SCROLL TO RESUME CONTENT

Kongres yang dihadiri sembilan dari sebelas presidium KMPAN se-Nusantara tersebut menilai, implementasi UUPA sebagai dasar kekhususan Aceh masih menyisakan jarak dengan semangat dan substansi MoU Helsinki. Karena itu, melalui rekomendasi resminya, KMPAN menempatkan pengawalan UUPA dan perawatan damai Aceh sebagai agenda utama gerakan. Pengawalan ini dipandang bukan semata urusan legal-formal, tetapi menyangkut keadilan politik, penghormatan terhadap perjanjian damai, dan masa depan generasi muda Aceh.

KMPAN mendorong pengurusnya untuk memperkuat koordinasi informasi dan kerja sama dengan berbagai elemen yang peduli terhadap Aceh, baik organisasi masyarakat sipil, akademisi, maupun jaringan mahasiswa dan pemuda.

Organisasi ini menyatakan siap berperan sebagai kontrol sosial di Aceh, mendukung Pemerintah Aceh agar tetap dalam ruh MoU Helsinki, prinsip UUPA, serta kepentingan masyarakat Aceh secara luas. Pemerataan pembangunan, pengelolaan sumber daya alam yang berkelanjutan, dan keberpihakan pada akses pendidikan bagi pemuda ditempatkan sebagai bagian tak terpisahkan dari upaya merawat damai.

Dalam rekomendasinya, KMPAN juga mendorong pelaksanaan KOMPAS (Kongres Mahasiswa dan Pemuda Aceh Serantau) III di Aceh bersama KARMA dan elemen sipil Aceh. KOMPAS III diposisikan bukan hanya sebagai forum pertemuan gagasan, tetapi juga sebagai kelanjutan spirit jejak KOMPAS sebelumnya yang menghimpun seluruh elemen Aceh dari Aceh, berbagai daerah di Nusantara, hingga diaspora Aceh di berbagai belahan dunia.

Melalui KOMPAS III, KMPAN berharap lahir konsolidasi yang lebih kuat untuk penguatan UUPA, konsistensi pelaksanaan MoU Helsinki, serta penguatan peran pemuda dalam menjaga dan mengisi damai Aceh.
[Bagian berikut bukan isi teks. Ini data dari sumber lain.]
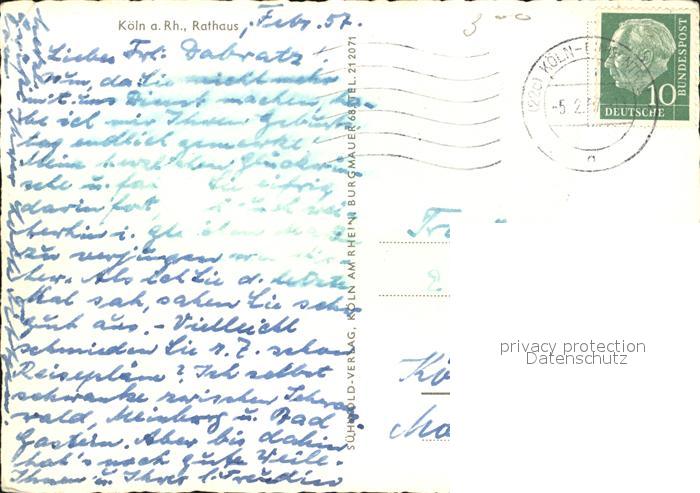 72405055 alte Postkarte Koeln Rhein Rathaus Brunnen postalisch gelaufen Erhaltung siehe scans KatCode: 11110005315000

Untuk memastikan keberlanjutan gerakan, kongres turut merekomendasikan pembentukan forum alumni KMPAN. Forum ini diharapkan menjadi wadah sinergi lintas generasi antara pengurus aktif dan mereka yang telah berkiprah di berbagai bidang.

Keterlibatan alumni dipandang penting untuk memperkuat advokasi terkait UUPA dan MoU Helsinki, serta menyediakan dukungan pemikiran, jaringan, dan sumber daya bagi kepentingan Aceh ke depan.

Selain itu, Kongres XIII juga memutuskan bahwa Kongres KMPAN ke IX mendatang akan dilaksanakan di Semarang, dengan opsi pemindahan ke Sumatera Barat jika terjadi situasi darurat atau kondisi yang tidak diinginkan. Keputusan ini dipandang sebagai bagian dari upaya memperluas jangkauan konsolidasi gerakan mahasiswa dan pemuda Aceh di berbagai wilayah.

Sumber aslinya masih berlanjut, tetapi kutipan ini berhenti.